Die biologische Wertigkeit eines Proteins beschreibt, wie gut dein Körper ein Protein aufnehmen kann. Je höher die biologische Wertigkeit, desto mehr kann dein Körper das Eiweiß aus dem Lebensmittel in körpereigenes Eiweiß umwandeln. Veganes Proteinpulver hat eine geringere Wertigkeit als Molkenprotein. Das muss dich jedoch nicht abschrecken, denn durch eine clevere Kombination verschiedener veganer Proteinquellen erhöht sich die biologische Wertigkeit. Viele Hersteller verkaufen daher eine Kombination an veganen Proteinpulvern, die es mit Whey locker aufnehmen können.

"Zudem kann der Körper die biologische Wertigkeit eines Proteins anpassen, je nachdem, wie er es gerade braucht. Wer also bereits viel Eiweiß konsumiert hat, verwertet eine zusätzliche Dosis schlechter. Wurde dagegen erst wenig zugeführt, wird das selbe Protein besser aufgenommen.“, erläutert der Supplement-Experte.

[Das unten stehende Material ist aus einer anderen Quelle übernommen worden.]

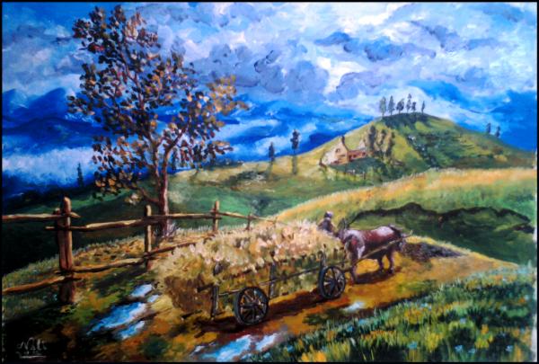 pictura in ulei pe carton , dimensiunea este de 50/35 cm
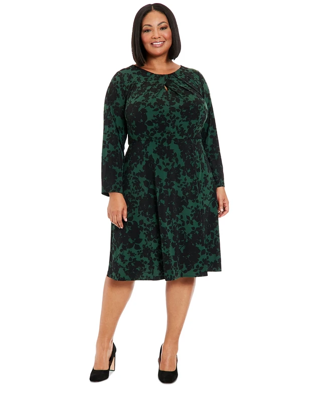 London Times Plus Size Keyhole-Front Midi Dress
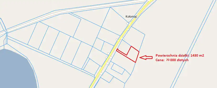 Polecamy Państwu na sprzedaż działkę budowlaną o powierzchni 1430 m2 w cenie 70 000 złotych. Działka położona jest w pobliżu jeziora, przy głównej drodze asfaltowej, w centrum miejscowości Kołomąć, oddalonej około 8 kilometrów od Gryfic, 14 kilometrów od Golczewa oraz 32 kilometry od miejscowości nadmorskiej Pobierowo. Działka posiada wydane warunki zabudowy - na budowę budynku mieszkalnego jednorodzinnego parterowego z możliwym poddaszem użytkowym, wraz z garażem (wolnostojącym lub wbudowanym w bryłę budynku mieszkalnego), wraz z niezbędną infrastrukturą techniczną. Prąd znajduje się się przy działce. W warunkach zabudowy przewidziana jest budowa studni przydomowej, ale istnieję też możliwość doprowadzenia wody z sieci.
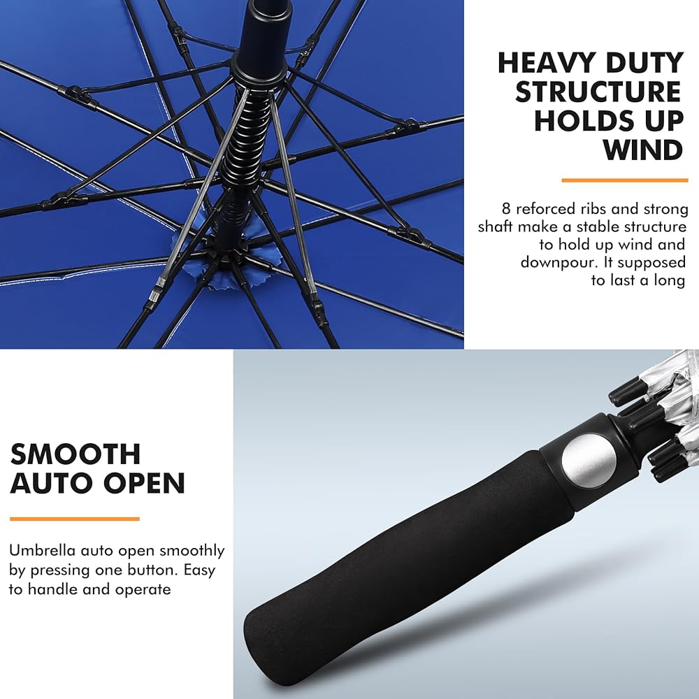 ⚙️AUTO OPEN FOR ONE HAND OPERATION: Pressing one button to auto open the strong large umbrella quickly and smoothly, easy to operate while getting off the car on rains, convenient to operate while only have one hand free
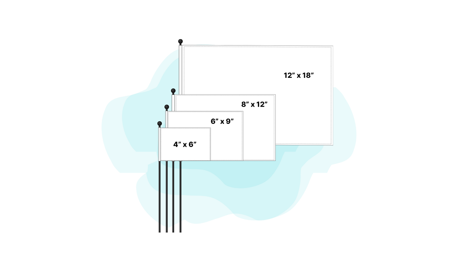 Our standard stick flags range from 4” x 6” to 12” x 18”.
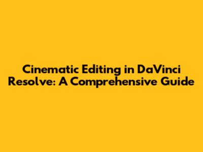 Cinematic Editing In DaVinci Resolve: A Comprehensive Guide
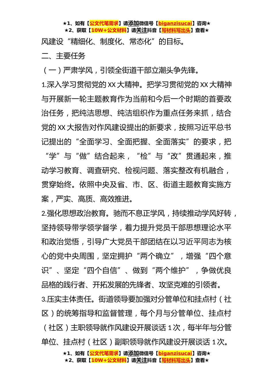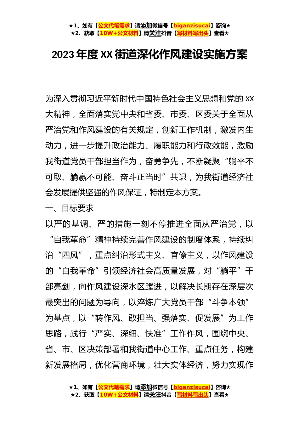 ★1、如有【公文代笔需求】请添加微信号【biganzisucai】咨询★★2、获取【10W+公文材料】请关注抖音【写材料写出头】查看★2023年度XX街道深化作风建设实施方案为深入贯彻习近平新时代中国特色社会主义思想和党的XX大精神,全面落实党中央和省委、市委、区委关于全面从严治党和作风建设的有关规定,创新工作机制,激发内生动力,进一步提升政治能力、履职能力和行政效能,激励我街道党员干部担当作为,奋勇争先,不断凝聚“躺平不可取、躺赢不可能、奋斗正当时”共识,为我街道经济社会发展提供坚强的作风保证,特制定本方案。一、目标要求以严的基调、严的措施一刻不停推进全面从严治党,以“自我革命”精神持续完善作风建设的制度体系,持续纠治“四风”,重点纠治形式主义、官僚主义,以作风建设的“自我革命...
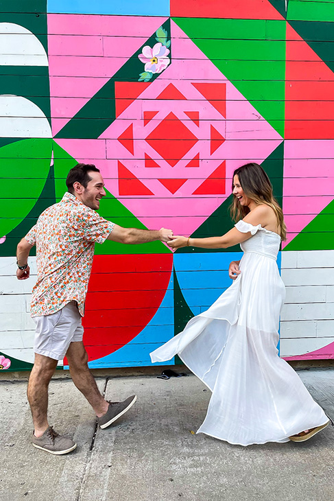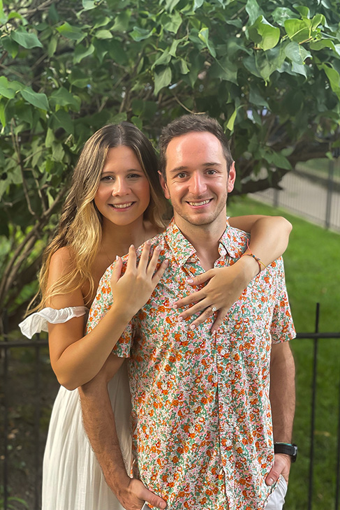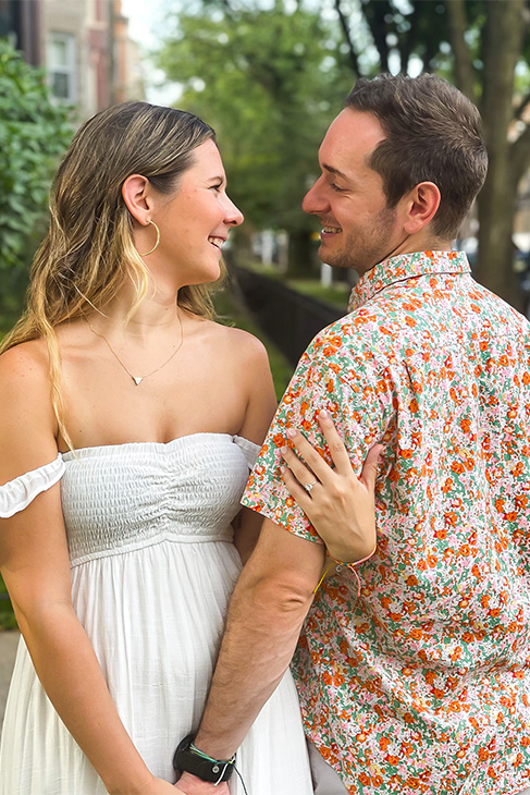 After a couple of years of dating, and in the midst of the mess of 2020, Emily and Turner took a quick trip to Cocoa Beach, FL for a weekend away. Turner proposed on the beach the morning after they arrived - he had planned with a family friend to help set up a blanket, champagne glasses, chilled champagne and flowers on the beach.

Worin löst sich veganes Proteinpulver am besten auf?

Du kannst dein veganes Proteinpulver im Shaker mit Wasser, Soja-, Mandel- oder Hafermilch mischen – je nachdem, was dir am besten schmeckt. Alternativ kannst du es auch in dein Müsli mischen oder zu einem Smoothie hinzugeben. Bedenke lediglich, dass Milch und Milch-Alternativen zusätzliche Kalorien und Kohlenhydrate enthalten.

Sollte ich als Veganer mehr Proteinshakes zu mir nehmen?

Nein! "Es ist ein weit verbreiteter Irrglaube, dass Protein nur in tierischen Produkten ausreichend vorhanden ist. Hülsenfrüchte, zum Beispiel Linsen (getrocknet), haben mit 23 Gramm Eiweiß pro 100 Gramm sogar mehr Eiweiß als Rinderfilet mit 21 Gramm Eiweiß pro 100 Gramm. Erdnüsse enthalten mit 25 Gramm Eiweiß pro 100 sogar noch mehr Protein“, erklärt Weigl. Kraftsportler, die vegetarisch oder vegan leben, müssen also nicht mehr Eiweiß-Shakes am Tag trinken.

Fazit: Veganes Proteinpulver kann mit klassischem Molkenprotein mithalten

Durch die intelligente Kombination mehrerer veganer Proteinquellen hat pflanzliches Proteinpulver eine hohe Qualität, ähnlich wie Molkenprotein. Probiere aus, welches Pulver dir am besten schmeckt.